01:07:50 Like it doesn't go on your permanent record.

01:07:52 Exactly.

01:07:55 This is everybody's permanent record is now captured digitally and managed by artificial intelligence.

01:08:00 That's welcome to.

01:08:01 Welcome to China.

01:08:03 Yeah.

01:08:03 So, yeah, it's pretty interesting.

01:08:05 I mean, on one hand, I can see this benefiting society, but it just seems Black Mirror-esque to me as well.

01:08:12 And so you might be wondering, like, well, what the heck is a punishment, right?

01:08:16 So they say in another city, Hangzhou, they rolled out a credit system earlier this year and rewarding pro-social behaviors such as volunteer work or blood donations and punish those who violate traffic laws.

01:08:29 They charge under the table fees and whatnot.

01:08:32 And statistically, they said by the end of May, they've been blocking more than 11 million flights and 4 million high-speed train trips from the bad guys.

01:08:42 Right.

01:08:43 Right.

01:08:44 And not bad guys, like, broke a law.

01:08:47 Not.

01:08:48 Bad guys, like, doesn't volunteer enough.

01:08:52 Doesn't seem like, you know, heart's probably not in the right place.

01:08:55 We're not going to let you take this train trip, buddy.

01:08:57 Just denied.

01:09:00 I'm sorry.

01:09:01 Yeah, you're like, I was wrong.

01:09:02 You got three and a half.

01:09:03 Yeah, totally.

01:09:04 Like, I was going to go visit my family.

01:09:05 I wasn't going to be able to sit with them on the plane, but at least I was going to take a trip home for the holiday or whatever.

01:09:10 And that, you know, trip was thwarted.

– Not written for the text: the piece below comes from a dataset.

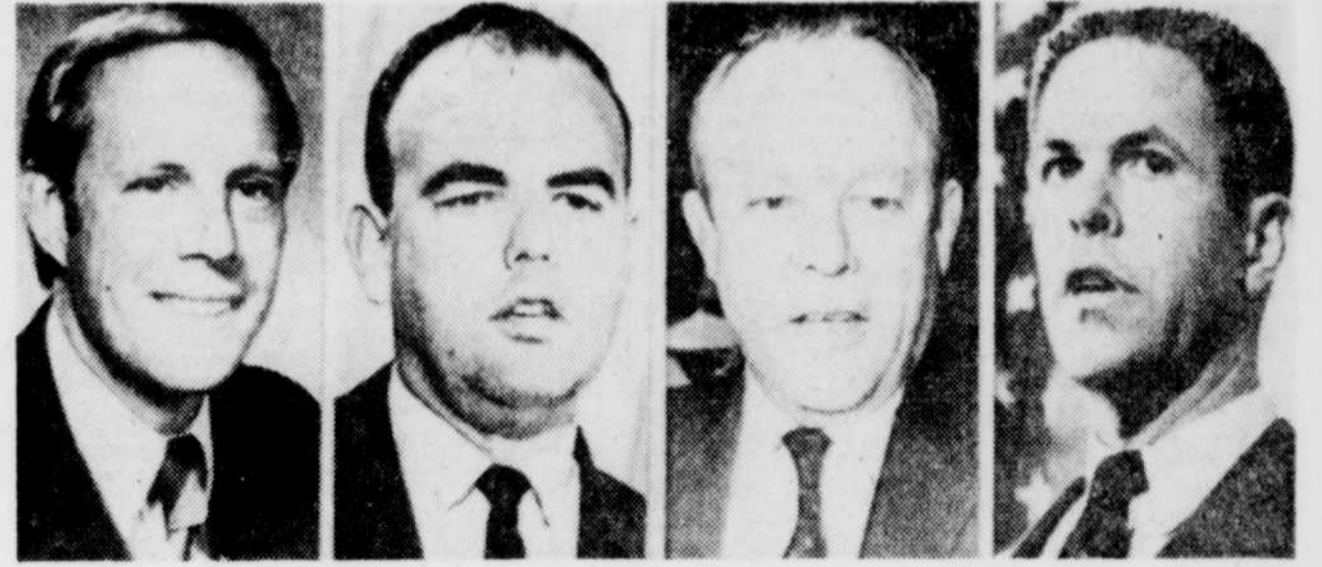
Quatre hautes personnalités qui sont reliées à l'affaire du Watergate ont démissionné au cours de la journée d'hier. Ce sont, de gauche à droite, MM. John W. Dean, conseiller juridique de la Maison blanche, John Ehrlich-

"Le caractère de ma position, parmi votre personnel, a toujours exigé que ma conduite soit à la fois apparemment et réellement au-dessus de tout reproche, poursuivit M. Ehrlichman.

01:09:12 Like, actual real-life consequences for things that we've all come to accept as, like, pretty much being a right if we can afford to pay for them.

01:09:19 Right.

01:09:20 Yeah.

01:09:20 Yeah, kind of bizarre.

01:09:22 Well, it's going to be a very interesting social experiment.

01:09:25 Yeah.

01:09:25 I don't want to be part of it.

01:09:26 I'm glad that I won't be part of it either, although I wonder if everybody will just be, like, super friendly.

01:09:30 Well, but hey, like, maybe that's the outcome that we're just not seeing.

01:09:33 It's like, we'll go to Shanghai and be like, man, people are just, this is like a Leave it to Beaver episode.

01:09:40 Exactly.

01:09:41 Well, you know, how much of that would be disingenuous?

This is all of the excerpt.